Время барса - Петр Катериничев
Шрифт:
Интервал:
Закладка:
Дальше… Хлопок, вспышка, комнату заволокло угарным туманом, и Аля потеряла сознание, . Но в беспамятстве она пребывала лишь секунду-другую, не больше, очнулась, ощущая тревожное удушье и монотонную головную боль; кровь струйкой текла из носа, а в комнате…
Две фигуры, похожие на тени, плавно, по-кошачьи, передвигались по замкнутому кругу ограниченного пространства, и только короткие выпады и редкий звон соприкоснувшихся боевых ножей выдавал огромное внутреннее напряжение смертельной схватки. Один из бойцов был Маэстро. Другой…

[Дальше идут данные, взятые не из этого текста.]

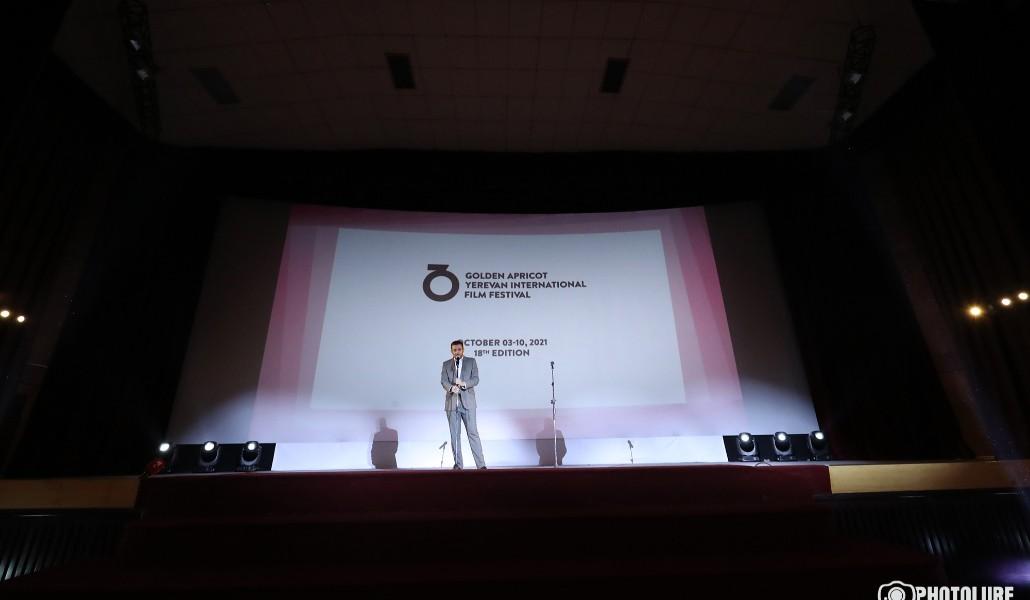 Երևանի «Ոսկե ծիրան» միջազգային կինոփառատոնի հիմնադիր տնօրեն Հարություն Խաչատրյանը շեշտեց՝ փառատոնը կայանում է բավականին բարդ ժամանակներում և շնորհակալություն հայտնեց այն իրականացնող երիտասարդ թիմին, ով չի վախենում դժվարություններից։ Խաչատրյանը բեմ հրավիրեց փառատոնի մյուս երկու համահիմնադիրներին՝ Սուսաննա Հարությունյանին և Միքայել Ստամբոլցյանին, և նրանք երեքով ազդարարեցին փառատոնի մեկնարկը։

То, что Глостер остался жив, Алю совершенно не удивило. И не было в этом никакой мистики: слишком громоздко упало его подсеченное пулей тело, чтобы оказаться мертвым. Сплющенный кусочек металла увяз в кевларовых слоях мягкого бронежилета; подсознание девушки это отметило четко, а вот подумать над собственными ощущениями у нее не было ни времени, ни возможности, Аля повела вокруг взглядом: пусто. Куда она уронила оружие и было ли оно вообще? В голове продолжала пульсировать размеренными оранжевыми вспышками боль, делая невозможным никакие воспоминания, но заставляя воспринимать сущее зримо и рельефно.

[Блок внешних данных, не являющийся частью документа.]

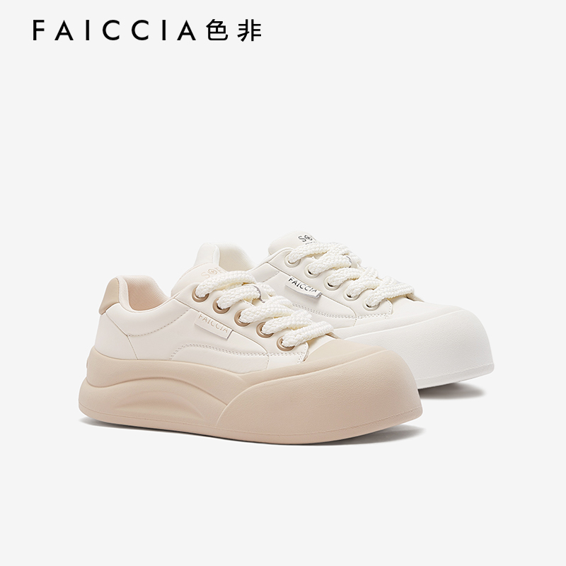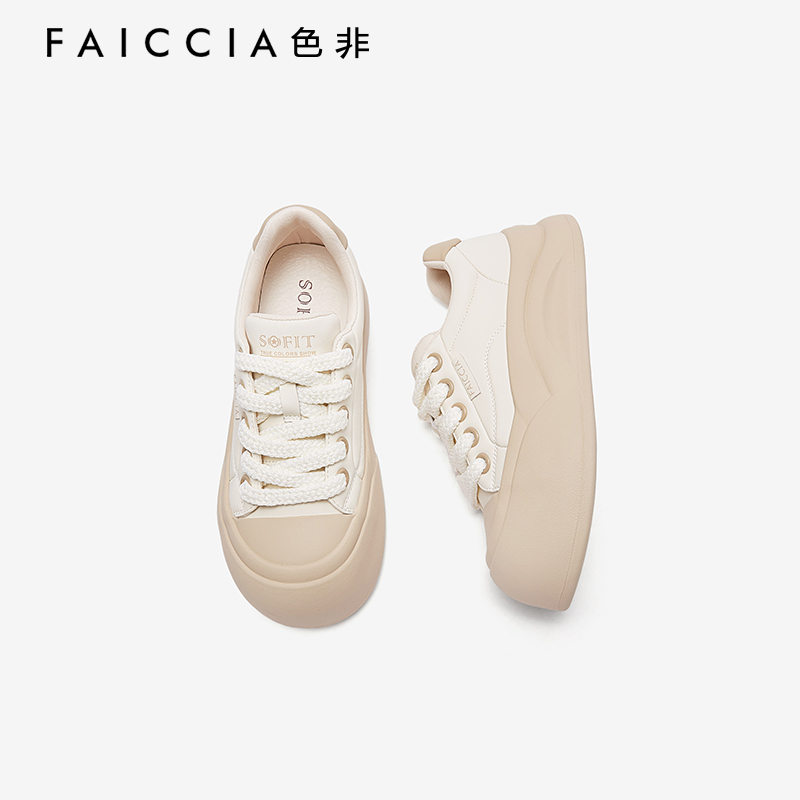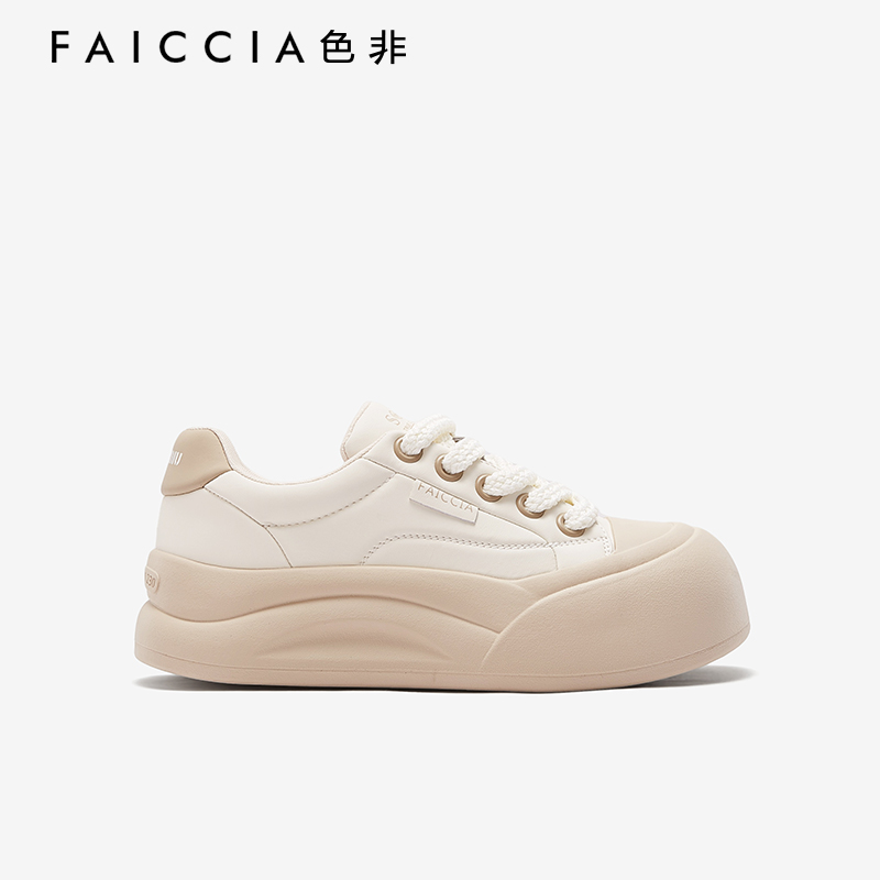色非厚底增高小白鞋2025春夏新款时尚丑萌大头鞋系带饼干鞋面包鞋

Девушке не было страшно, ей было горько. Глостер оказался проворнее и напористее. Алин выстрел лишь на некоторое время отключил его сознание, а теперь, вооруженный двумя обоюдоострыми короткими ножами, он наступал, и Маэстро не мог ему противостоять… Может быть, потому, что устал, но хуже всего другое — Маэстро был ранен, и, судя по всему, серьезно. Он припадал на правую ногу, правая рука висела плетью, свой нож он держал левой, и проворства у Маэстро хватало лишь на то, чтобы хоть как-то смягчать удары. После каждого сближения Аля все реже слышала скрежещущий звон металла. Глостер доставал противника, рассекая кожу и мышцы, нанося ранения… Але было хорошо видно: грудь Маэстро залита кровью, и если он еще держался на ногах — то только чудом.
Пожалуй, единственное, что ее удивляло, — это лицо Влада. Оно было спокойным и безмятежным, словно он не ощущал ни боли, ни напряжения смертельной схватки. Именно эта умиротворенная отрешенность выводила Глостера из себя более всего остального; вымученным оскалом он напоминал сейчас изгнанного из стаи волка-оборотня.

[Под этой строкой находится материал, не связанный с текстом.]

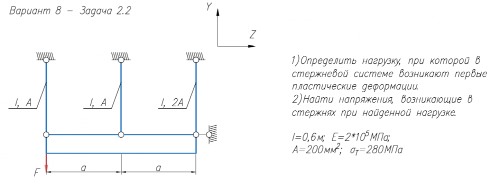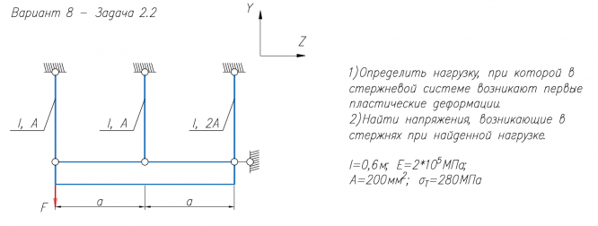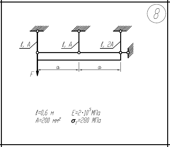 1)Определить нагрузку, при которой в стержневой системе возникают первые пластические деформации. 2)Найти напряжения, возникающие в стержнях при найденной нагрузке. l=0,6м; E=2*105/МПа; A=200мм2/; σ/Т=280МПа .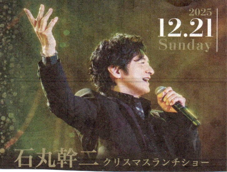 期日:12月21日(日) 会場:岐阜グランドホテル 開演:@食事12:30・ショー13:45〜・A食事17:00・ショー18:15〜 料金:ss席45,000円・S席39,000円・コース料理・フリードリンク付 一般発売日:9/27発売開始・・・・・ |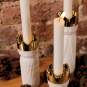 ACHTUNG! Verwenden Sie keine Stabkerzen, die einen Durchmesser von mehr als 21 mm haben, eine verlängerte Brenndauer (mehr als 4 Std.) aufweisen oder Duftstoffe enthalten, derartige Stabkerzen sind für diesen Einsatz ungeeignet und sollten unter keinen Umständen verwendet werden. Bitte beachten Sie zusätzlich die Warnhinweise der Kerzenhersteller. Vor Zugluft schützen. Dieses Produkt enthält brennbares Material. Achten Sie vor jeder Verwendung darauf, dass keine etwaigen Wachsrückstände am Artikel verbleiben. Gegen Umfallen und Herunterfallen sichern. Auf eine sichere, nicht brennbare Unterlage stellen. Lassen Sie Kinder nie unbeaufsichtigt mit brennenden Kerzen oder Feuer. Nicht abdecken. Nur auf feuerfesten Untergrund stellen. Lassen Sie eine brennende Kerze nie ohne Aufsicht.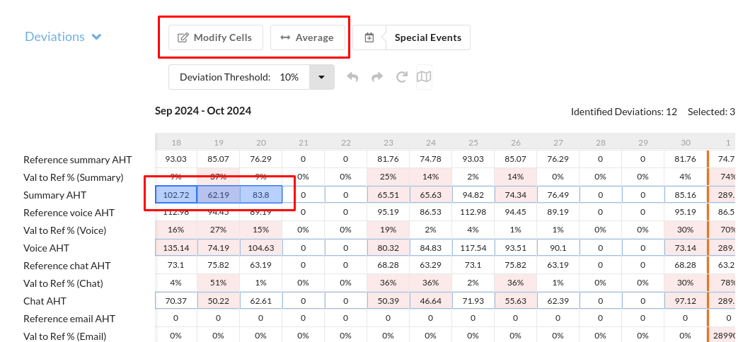• To select multiple cells, click and drag, or hold Ctrl (or Cmd) and click individual cells. With multiple cells selected, you can change them all at once using the Modify Cells or Average button.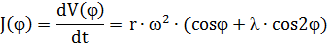 График ускорений поршня J(ц)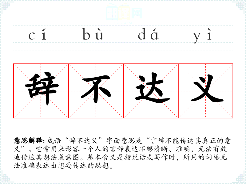 成语“辞不达义”字面意思是“言辞不能传达其真正的意义”。它常用来形容一个人的言辞表达不够清晰、准确,无法有效地传达其想法或意图。基本含义是指说话或写作时,所用的词语无法准确表达出想要传达的思想。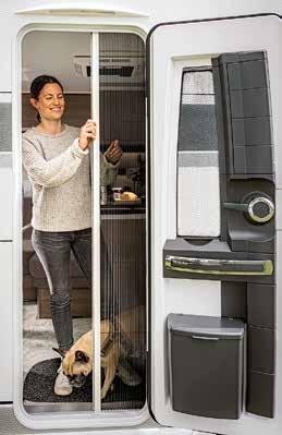 One-piece entrance door, extra wide with triple-point locking, window, waste bin, compartments and pleated fly screen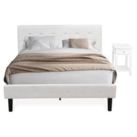 EAST WEST FURNITURE - NL19Q-1DE05 - 2 PC QUEEN SIZE BED SETThis gorgeous bedroom set is a shining example of innovative design and forward thinking. Add elements of classic glamour to your bedroom with this gorgeous bedroom set. Manufactured with durable wooden, this queen size bedroom set includes a modern bed frame and a mid century modern nightstand to decor any bedroom. Our bedside table with 02 USB fast charging ports and two outlets allows you to charge your mobile phones and other devices. It will also help you to plug in your computer or laptop. This bedroom set is sure to enhance any bedroom with quality, versatility, and convenience. This bedroom set is low maintenance furniture and it is a good choice because of how budget-friendly it is. This platform bed can be simply assembled with all the provided step-by-step assembly instructions and hardware pack.QUEEN BED SET FEATURES: Material: Engineered Wood Modern Bed Frame Fabric: Velvet Queen Bed frame Fabric Color: White Queen Bed frame Legs Color: Black Night Stand Top Color: White Night Stands For Bedrooms Legs Color: White Dimensions of Bed: Length: 89; Width: 65; Height: 41.30. Night Stand Dimensions: Length: 23.7; Width: 15.7; Height: 24.Include in this Package: 1 Queen Frame and 1 Nightstand BedroomNote: Mattress is not included with this Queen Size Bed Frame.

— Ты думаешь… Ты думаешь, что умрешь безмятежно?.. — Глостер сделал артистичный выпад с разворотом корпуса; новый глубокий порез рассек правую руку Маэстро, которой он в последний момент попытался защититься от удара. — Я хочу, чтобы ты умер с болью… С дикой болью и ревностью: что лучший — я, а не ты, что ты ничего не сумел в этой жизни! Даже — отомстить!
Але было понятно: Маэстро теперь настолько слаб, что Глостер может покончить с ним одним решающим ударом… Но он почему-то медлил.
— Так я тебе скажу одну вещь… — прохрипел Глостер, контролируя клинками расстояние. — Чтобы в аду тебе было горше… Помнишь Хачгарское ущелье?
Пусть на мгновение, но лицо Маэстро потеряло невозмутимость. И он снова пропустил разящий удар клинка, сумев лишь слегка самортизировать его подставленным эфесом, изменить траекторию и тем уберечь себя от неминуемого смертельного ранения.
— По-о-омнишь… Я ви-и-ижу, что помнишь… Ты знаешь, что приказ на уничтожение подразделения Барса, вашей группы, отдавал Лир?.. Знаешь… А знаешь, кто этот приказ исполнил?.. Кто координировал минометный огонь? Кто командовал группой зачистки?..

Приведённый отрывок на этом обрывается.